Here's what you need to know: An index fund is not the same thing as an Exchange Traded Fund (ETF). Index funds can be ETFs, but not all ETFs are index funds.
This distinction matters because many new ETFs launching today are extremely risky products that can lose money faster than individual stocks and they charge you higher fees for the privilege.
What's the Difference?
Index funds are a type of investment strategy that owns thousands of companies to match the performance of market indexes like the S&P 500. When people say "just buy index funds," they're recommending this diversified, low-cost approach to investing.
ETFs (Exchange-Traded Funds) are just a way to package investments that you can buy and sell on the stock market. An ETF can hold an index fund strategy, but it can also hold anything else: single stocks, leveraged bets, cryptocurrency, or complex derivatives.
Think of it this way:
Index fund = The recipe (own thousands of companies)
ETF = The container (how it's sold to you)
You can get index fund investing through ETFs, but you can also get terrible investment strategies through ETFs.
The Dangerous New ETF Products
Wall Street keeps launching new ETF products because they're profitable, not because they help investors. In 2025, about 25% of all new funds launched were leveraged ETFs, mostly focused on single stocks. (source)
Single-Stock ETFs: Worse Than Just Buying the Stock
Companies like Direxion and GraniteShares now offer ETFs that track just one company, but with leverage. Instead of buying Apple stock directly, you can buy an ETF that tries to double Apple's daily moves.
Why this is terrible:
Higher fees: These ETFs charge around 0.95% per year. A broad market index fund charges 0.03%-0.05%.
Amplified losses: When the stock goes down, you lose twice as much money.
Volatility decay: Even when the underlying stock goes up over time, these funds often lose money due to daily rebalancing.
Concentration risk: You're betting everything on one company, plus you're using leverage.
These products take something that on average goes up (stocks) and change it into something that on average goes down (because of the debt used to amplify moves).
The Product Explosion
The pace of launches is accelerating:
MicroStrategy (a Bitcoin proxy company) had six new ETFs launched based on its stock in 2025 alone.
Companies are launching leveraged ETFs almost immediately after popular IPOs
There are now leveraged ETFs for individual cryptocurrencies like Solana and XRP
Think about this. With MSTX (Defiance Daily Target 2x Long MSTR ETF) you’re not buying bitcoin. You’re not buying a company that buys bitcoin. You’re not buying a fund that owns a company that buys bitcoin. Instead, you’re buying a fund that borrows money to buy a company that owns bitcoin and you’re paying extra to do it. (and if you paid attention to yesterday’s post, you know that some people borrow money to buy these leveraged ETFs!)
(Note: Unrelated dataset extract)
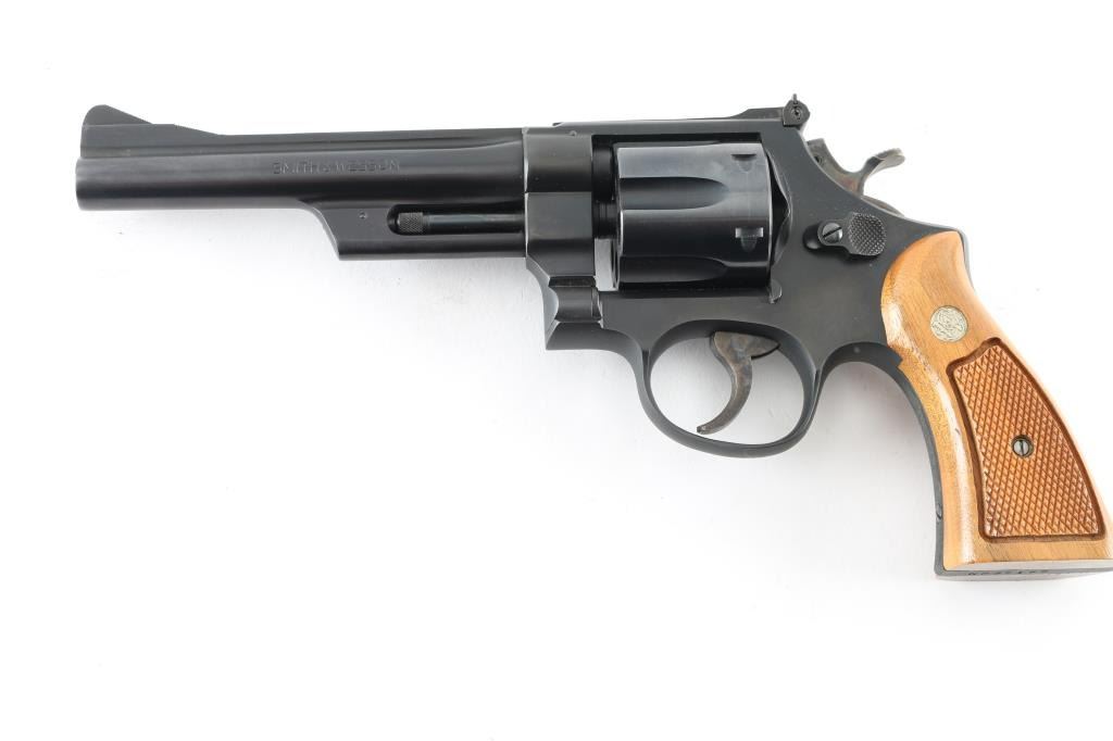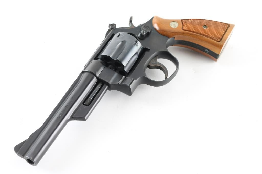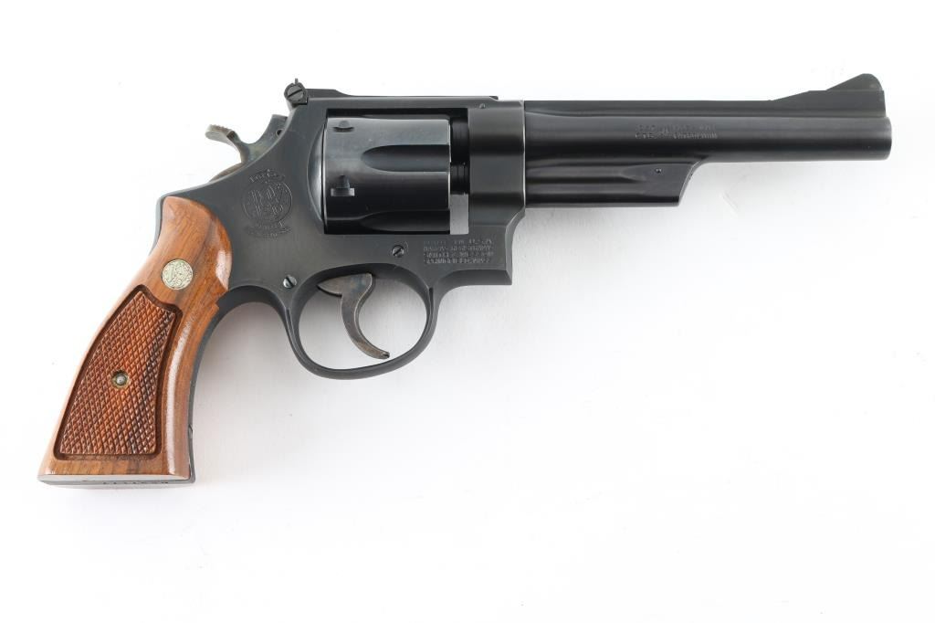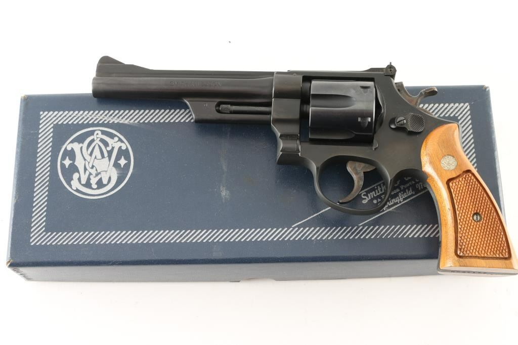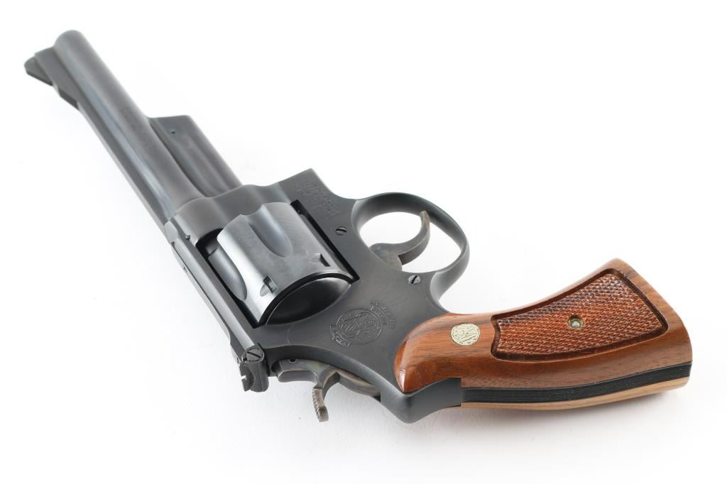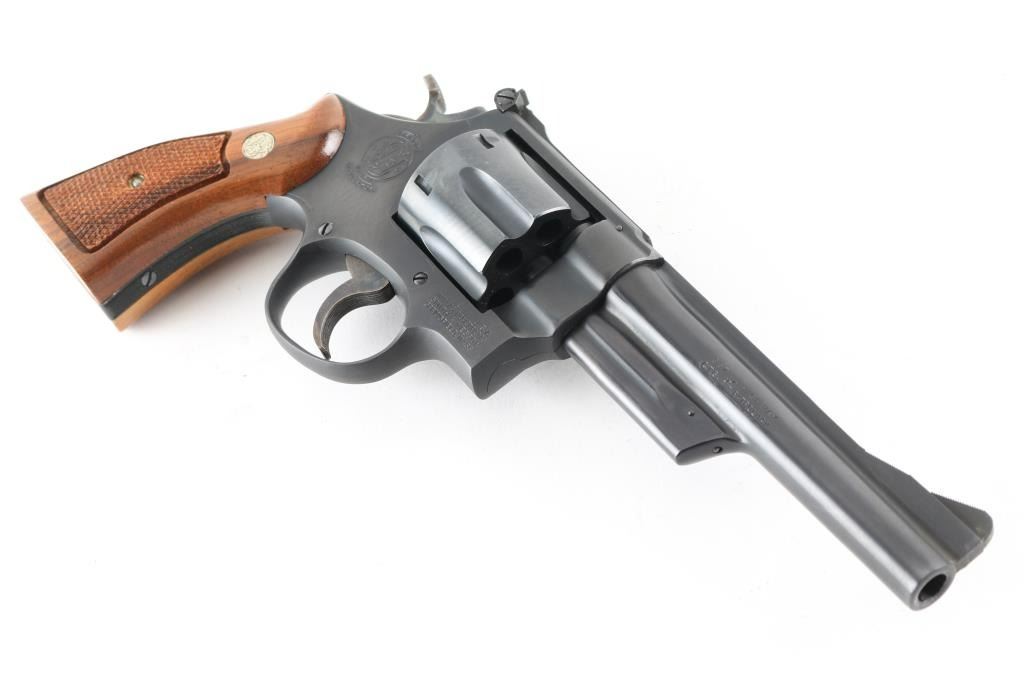 'The Highway Patrolman' "Pinned & Recessed' double action revolver manufactured circa 1974-77. Features service grade blued finish, "Magna" style checkered wood grips with S&W medallions, 6" barrel with shrouded ejector rod, adjustable sights, case colored grooved narrow trigger, case colored checkered medium width spur hammer. Bore and charge holes are very good condition. Retains 98% finish with few handling marks. Action is smooth with tight lock-up. Includes two piece blue cardboard S&W box with cleaning kit & papers. Condition is NRA Excellent - like new *** Modern Firearm ***

As an alternative, if you want Bitcoin exposure, perhaps you could just buy some rather than paying all sorts of fees to middlemen to do it for you?
Why Wall Street Loves These Products (And You Shouldn't)
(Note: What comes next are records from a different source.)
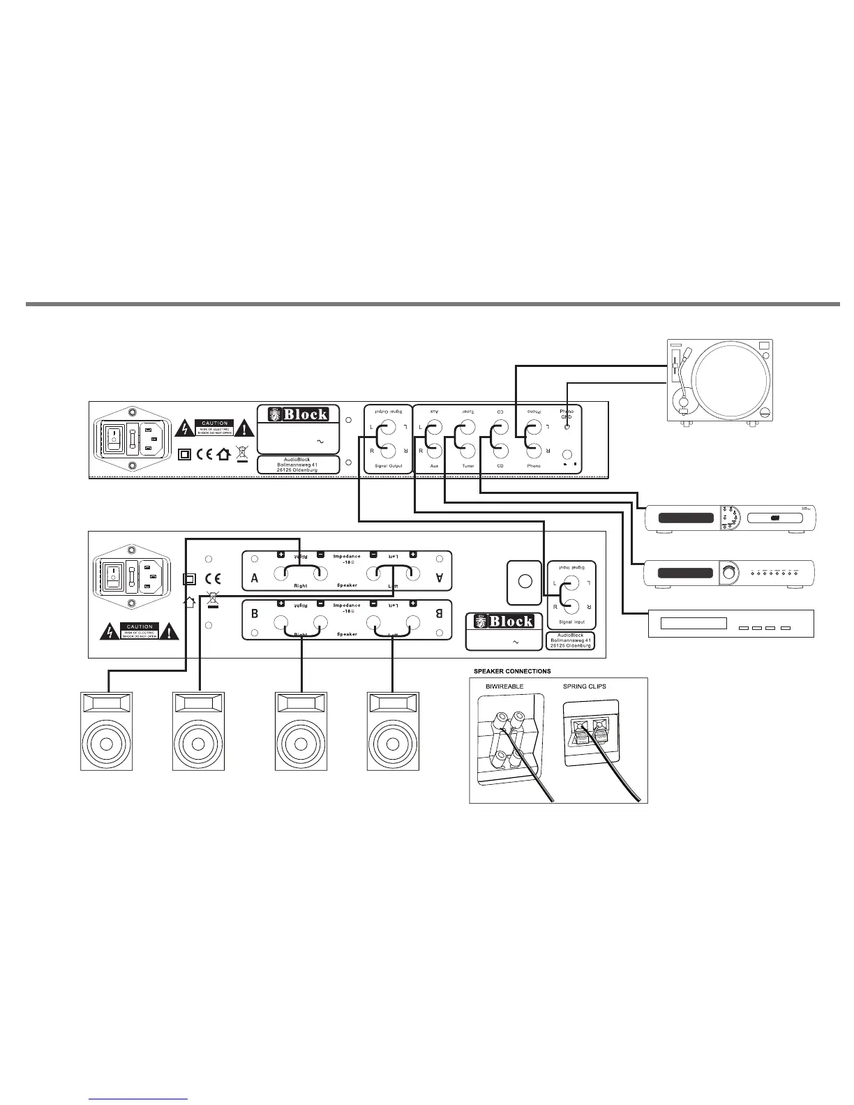 Block A 100 - Connecting the Amplifier; Pre-Amplifier Connection Diagram; Power-Amplifier Connection Diagram; Speaker Wiring Guide
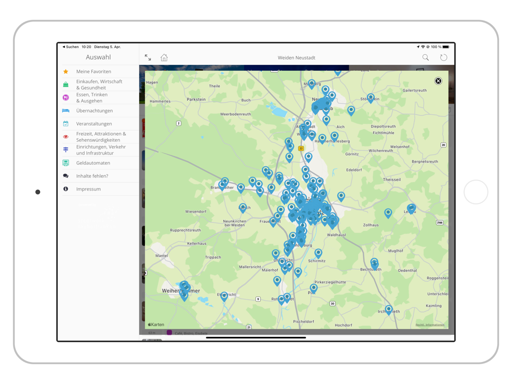 In the near future Region Weiden will show you the way to the nearest playground, public toilet, ATMs, Wi-Fi hotspot, kindergartens, hospital, power station and much more. There are also shopping tips with current bargains, promotions of bistros, pubs and restaurants.
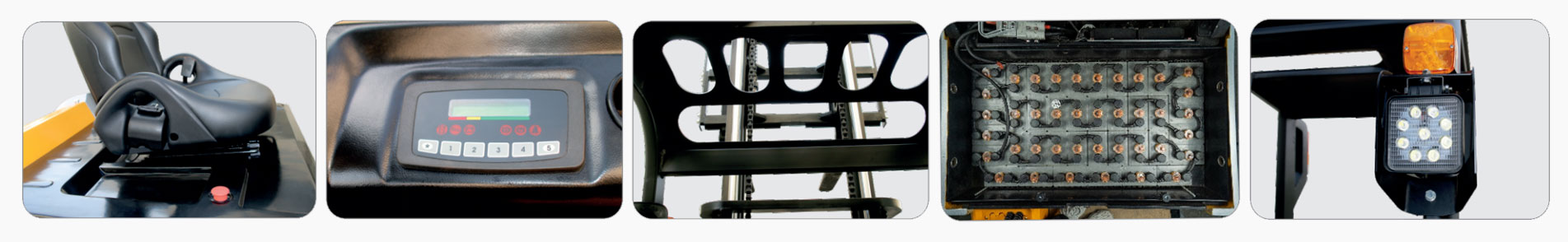 | 緊急按鈕開關使操作更加安全和可靠 | 交流電機減少了碳刷的更換 |
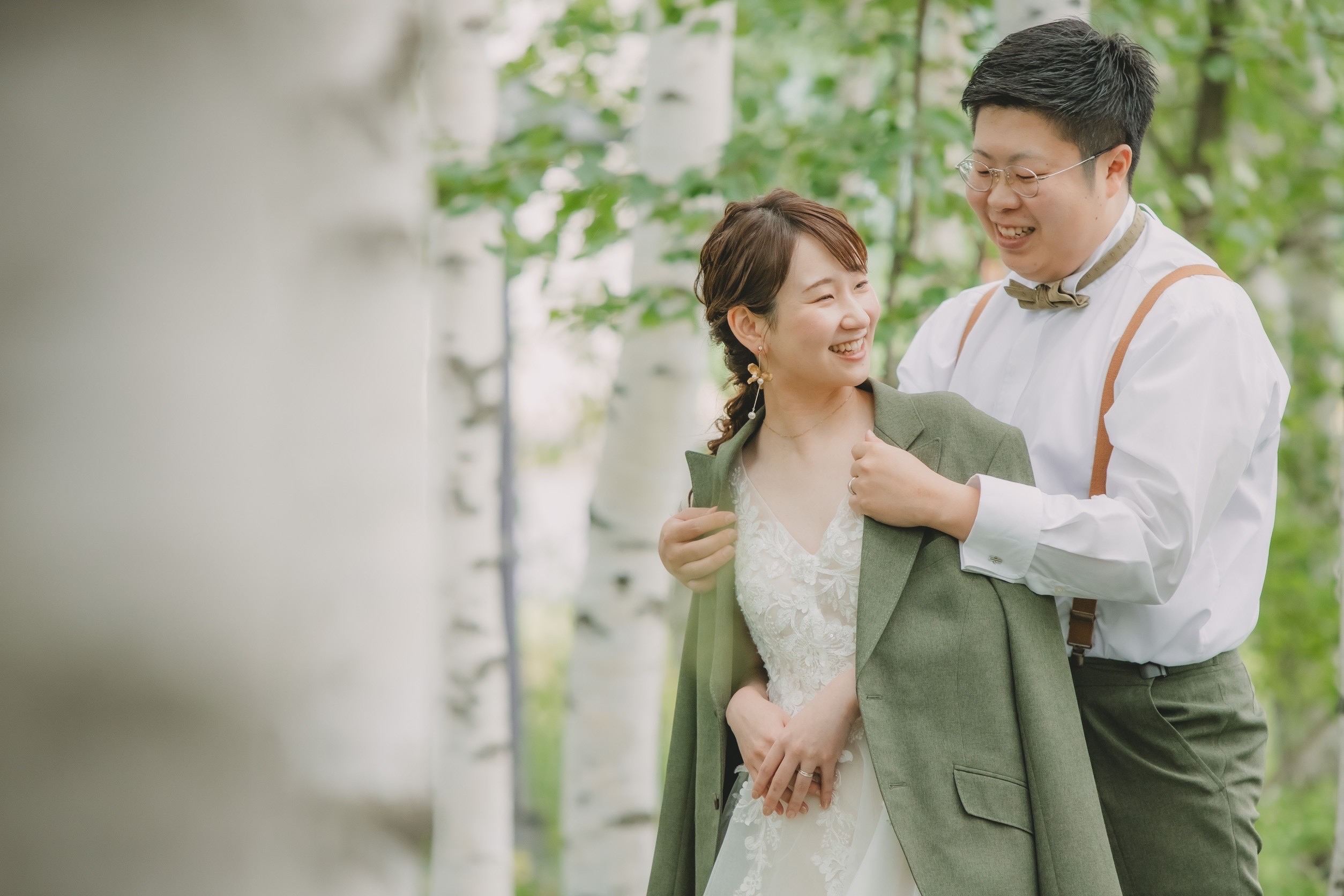 こちらのお写真は雨を感じさせないお二人の楽しい雰囲気と雨で少し寒かったのを活かしてお婿さんのジャケットをかけてあげるというお婿さんの優しさが詰まったお写真になっています♡

Follow the money: ETF sponsors make money by multiplying assets under management by their expense ratio. A leveraged single-stock ETF charging 0.95% generates almost 20 times more revenue than a broad market index fund charging 0.05%.
The business reality: Only 58% of actively managed ETFs are profitable for their sponsors, yet new launches keep accelerating. Why? Because the profitable ones are extremely profitable, and the costs of failure get passed to investors who lose money in failed funds.
Making gambling easier isn't progress. Yes, these ETFs let you make leveraged bets on single stocks without borrowing money or trading options. But that's not a feature. It's a bug. These products make it easier for unsophisticated investors to take concentrated, leveraged risks they don't understand.
What You Should Do Instead
Stick to actual index funds. Look for ETFs that:
Track broad market indexes (S&P 500, Total Stock Market, International)
Have expense ratios under 0.20%
Hold hundreds or thousands of companies
Come from reputable providers like Vanguard, Fidelity, or Schwab
Red flags to avoid:
Any ETF focused on a single stock
Words like "leveraged," "2X," "3X," or "inverse"
Expense ratios above 0.50%
Companies like Direxion, GraniteShares, or other sponsors pushing complex products
ETFs that launched in the past year tracking trendy stocks or crypto
The Bottom Line
When financial advisors recommend "index fund investing," they mean buying diversified, low-cost funds that own thousands of companies. Many new ETFs are the opposite: concentrated, high-cost, leveraged bets that can lose money faster than individual stocks.
Don't let the ETF wrapper fool you. A terrible investment strategy doesn't become good just because it's packaged as an ETF.
Remember: The house always wins. Wall Street creates products that make them money, not products that make you money. The simplest, cheapest, most boring index funds have made more millionaires than any of these flashy new products ever will.
Stick to the basics. Your future self will thank you.